Swedish football club

Sunderby SK is a Swedish football club located in Södra Sunderbyn.

==Background==
Sunderby SK currently plays in Division 4 Norrbotten Södra which is the sixth tier of Swedish football. They play their home matches at the Byvallen in Södra Sunderbyn.

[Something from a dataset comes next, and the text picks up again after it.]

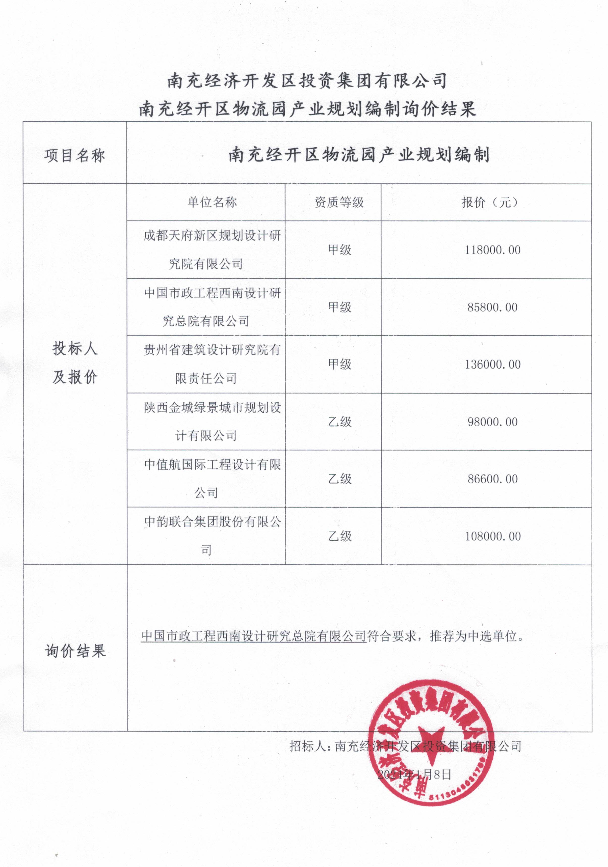 南充經(jīng)開區(qū)物流園產(chǎn)業(yè)規(guī)劃編制的詢價結(jié)果公示

The club is affiliated to Norrbottens Fotbollförbund.

==Season to season==

| Season | Level | Division | Section | Position | Movements |
|---|---|---|---|---|---|
| 1997 | Tier 5 | Division 4 | Norrbotten Södra | 6th |  |
| 1998 | Tier 5 | Division 4 | Norrbotten Norra | 3rd |  |
| 1999 | Tier 5 | Division 4 | Norrbotten Södra | 1st | Promoted |
| 2000 | Tier 4 | Division 3 | Norra Norrland | 8th |  |
| 2001 | Tier 4 | Division 3 | Norra Norrland | 9th |  |
| 2002 | Tier 4 | Division 3 | Norra Norrland | 9th | Relegation Playoffs |
| 2003 | Tier 4 | Division 3 | Norra Norrland | 4th |  |
| 2004 | Tier 4 | Division 3 | Norra Norrland | 10th | Relegated |
| 2005 | Tier 6 | Division 5 | Norrbotten Mellersta | 4th |  |
| 2006* | Tier 7 | Division 5 | Norrbotten Mellersta | 2nd |  |
| 2007 | Tier 7 | Division 5 | Norrbotten Norra | 3rd |  |
| 2008 | Tier 7 | Division 5 | Norrbotten Norra | 2nd | Promoted |
| 2009 | Tier 6 | Division 4 | Norrbotten Norra | 6th |  |
| 2010 | Tier 6 | Division 4 | Norrbotten Norra | 4th |  |
| 2011 | Tier 6 | Division 4 | Norrbotten Södra | 10th | Relegated |

- League restructuring in 2006 resulted in a new division being created at Tier 3 and subsequent divisions dropping a level.